Now we have bipartisan embroidery of war records as the Republican candidate for the President’s former Senate seat in Illinois is caught giving himself a medal he didn’t get in Serbia, joining the Connecticut Democrat who retroactively imagined himself in Vietnam combat.
On Memorial Day weekend, such false claims recall my World War II experiences with the subjects of heroism, cowardice and the reality between.
As a 20-year-old foot soldier waiting for assignment in France, I was ordered to stay up every night and type officers’ notes about suspected SIWs, Self-Inflicted Wounds.
Night after night, I tapped out stories in quadruplicate about men who had maimed themselves out of fear and fatigue, offering up some body part to save their lives–shooting an arm or leg, slashing a thigh, dislocating a shoulder or wrenching a knee in some improbable fall.
One morning there, I met an officer who had just arrived to take command of a rifle company, a leathery-faced man with a thick red mustache, a West Pointer named James Woodside. He had been a paratroop colonel until he refused an order that would have needlessly endangered his men, been busted to captain and was now being sent to serve with the ground troops.

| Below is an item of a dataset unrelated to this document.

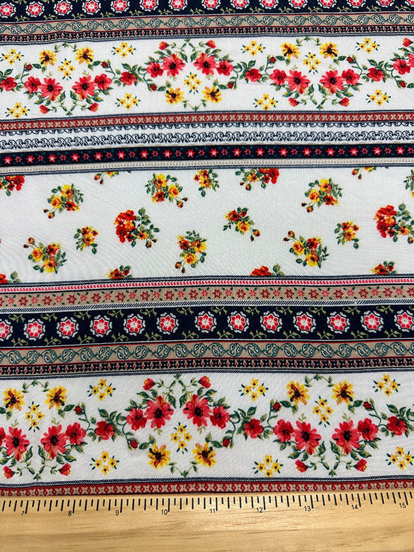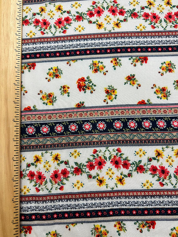 Ivory Floral Stripe Print Rayon Challis Fabric

I never saw him again but, after V-E Day, when I interviewed soldiers for a regimental history, Capt. Woodside had become a legend. “The man was crazy brave,” one of his sergeants said. He led charges against machine-gun positions, ran at snipers and, on one occasion, chased a German tank up a road with a bazooka on his shoulder.
To bracket stories of soldiers who gave way to fear, there were other such tales of bravery and valor, but those were the exceptions.